Les Chroniques de l'Imaginaire

Camp Paradis - Nozière, Jean-Paul

Les éclopés de la vie n'ont que bien peu d'endroits où grandir. Ces enfants de la guerre, du malheur et de la souffrance n'ont que Camp Paradis où espérer équilibrer leur jeune vie et être heureux. Entre Ma et Pa, ils cicatrisent leurs blessures et se créent une famille. Camp Paradis est une véritable oasis de paix au milieu de ce monde devenant de plus en plus fou, où les ethnies s’entre-tuent au nom d'un président, d'un dieu, d'une monnaie...

Boris, Fatouma, Serge, Djodjo et Victoire sont les résidents permanents du Camp Paradis.
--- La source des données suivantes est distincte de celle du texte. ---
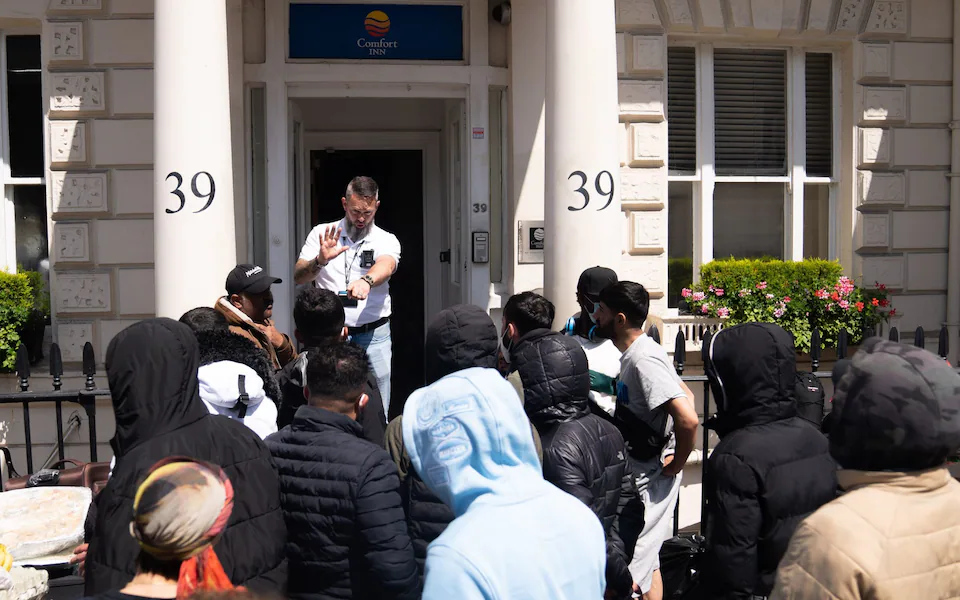 Asylum seekers are invited into the Comfort Inn hotel on Belgrave Road in Pimlico, central London Credit: James Manning/PA Wire. Source: The Telegraph.
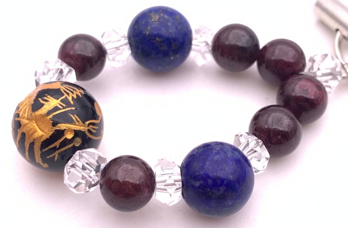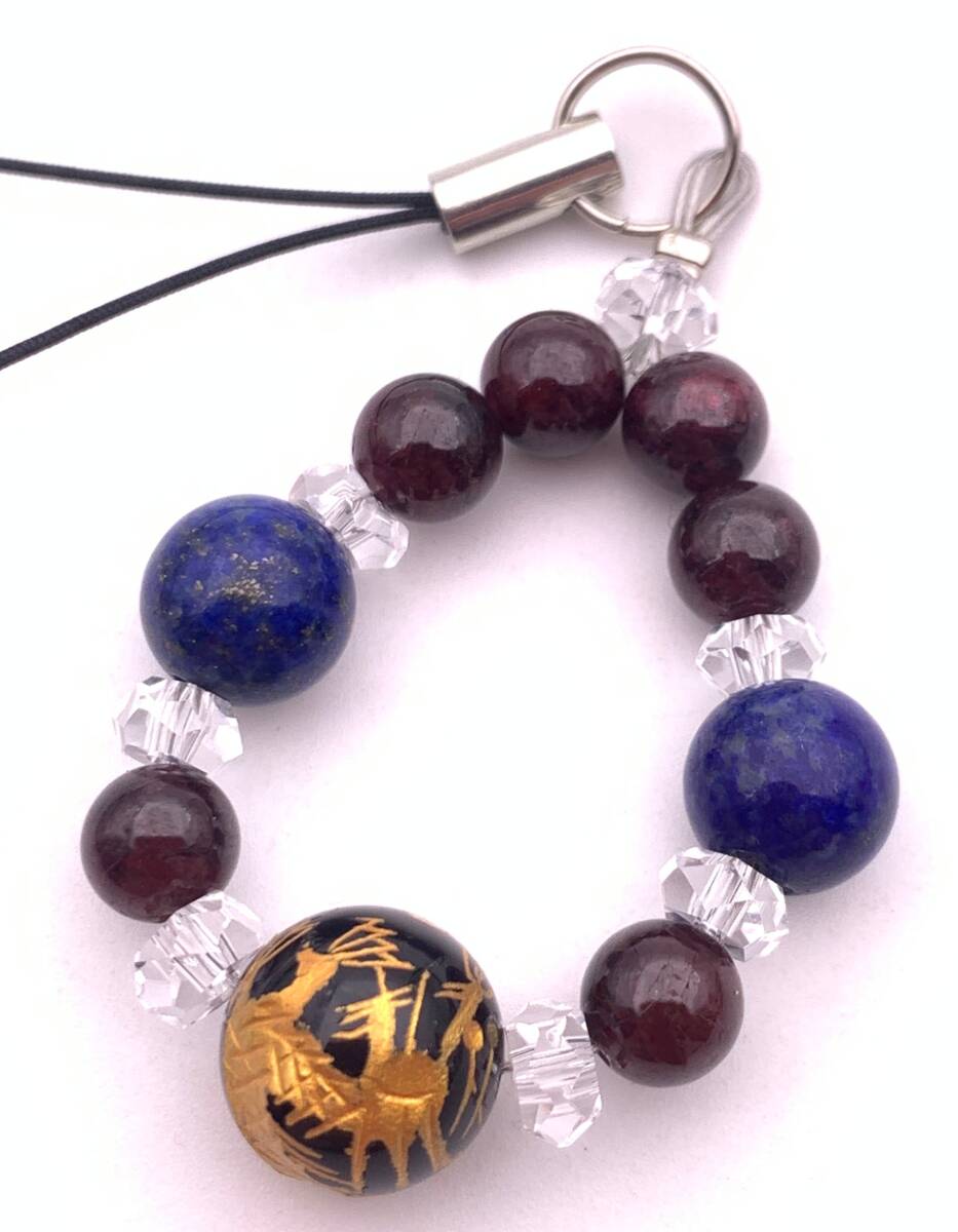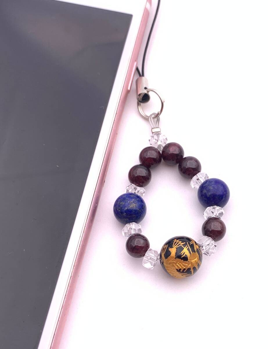 天然石オニキス金彫り青龍&ガーネット&ラピスラズリのストラップ

Ce sont eux qui, au milieu de cette guerre civile qui ravage le pays, vont se débattre pour préserver leur famille. L'enfant soldat violée par des mercenaires, l'handicapé sensé porter malheur, l'esclave vendue par ses parents, le jeune garçon affamé fuyant la peste, et le fils du vendeur d'armes. C'est lui, le futur écrivain qui racontera l'histoire du Camp, qui racontera leur vie à tous.

"Cette histoire se déroule dans un pays imaginaire. Elle raconte des événements imaginaires. Evidemment." Sur ces mots d'une cruelle ironie s'ouvre ce livre. Ce pays imaginaire, cette réalité imaginaire n'est malheureusement que le reflet de bien des pays, en Afrique noire, en Asie, ou encore au Moyen Orient.

Le rythme du livre est plutôt calme, un peu décousu même parfois. Quelques bribes d'information tombent à certains moments du récit, et cela colle parfaitement au parti pris des notes d'auteur. Les personnages sont tous d'une imperfection qui les rend extrêmement attachants. Finalement, il n'est que le passé de Pa et de Ma que l'on ne connaisse quasiment pas. Le contraste entre la légèreté de la vie du camp et le passé des pensionnaires est saisissant, et il n'est pas sûr que cela rende les choses beaucoup plus acceptables, bien au contraire.

Et puis tout s'accélère et l'improbable se produit. Le Camp qui pendant tout ce temps a échappé aux misères du monde se trouve en plein cœur de la prochaine bataille. Cette fin rocambolesque convient finalement parfaitement au reste de l'ouvrage, livré sur le vif des souvenirs et des notes de Boris.

Ce roman est réellement poignant, il livre une émotion brute, comme si cette histoire imaginaire n'était que le récit d'une guerre réelle, dans toutes ses atroces habitudes. A partir de douze ans, à lire, à transmettre cette mémoire qui n'est pour beaucoup pas si imaginaire que ça.